The seaplane tender exited Cabalitian Bay on 17 June and arrived in Subic Bay the following day. Soon thereafter, she moved to Manila Bay, departing there on 25 June. On 27 June, she stopped at San Pedro Bay; then continued east toward the U.S. She reached Pearl Harbor on 10 July and San Francisco on 20 July. She was overhauled at the Moore Dry Dock Co. and then ordered back to the Far East for occupation duty. On 24 September, she exited San Francisco and headed back across the broad Pacific. Sailing via Adak, Alaska, she reached the vicinity of Yokosuka during the second week in October. After two months of occupation duty in Japan, Tangier moved to Kowloon Bay, China in December for air-sea rescue, patrol, and courier duty. In January 1946, she returned to Japan for another brief tour of duty with the occupation forces. Late in February, she moved from Sasebo to Okinawa, where she remained until late March.
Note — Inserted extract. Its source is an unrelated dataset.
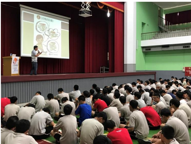
菸(含電子煙)害防制講座照片照片

Tangier earned three battle stars during World War II.

===Post-war and fate===
On 22 March 1946 Tangier set sail for the U.S. making a brief visit to Pearl Harbor in early April then transiting the Panama Canal in mid-month. She reached Norfolk, Virginia on 29 April and Philadelphia, Pennsylvania on 1 May. Following a short voyage back to Norfolk and to Yorktown, Virginia, the seaplane tender returned to Philadelphia on 11 May 1946 to prepare for in-activation. By January 1947, Tangier was out of commission, berthed with the Reserve Fleet at Philadelphia. On 1 June 1961, her name was struck from the Naval Vessel Register.

On 23 January 1962 the ship was formally transferred from the Navy to the Maritime Administration and immediately sold to Union Minerals and Alloys Corporation for either scrap or conversion. Union Metals undertook conversion into a car carrier/container ship renamed Detroit, with delivery to Sea-Land Service shipping company 23 December 1962. On 17 April 1963 Sea Land to Beauregard, Inc., which operated the ship until purchased by Litton Industries Leasing Corporation on 12 November 1964. Detroit was sold to the Dutch company B. V. Intershitra on 3 October 1974 for scrapping which was completed at Valencia, Spain by Aguilar Y. Peris S. A.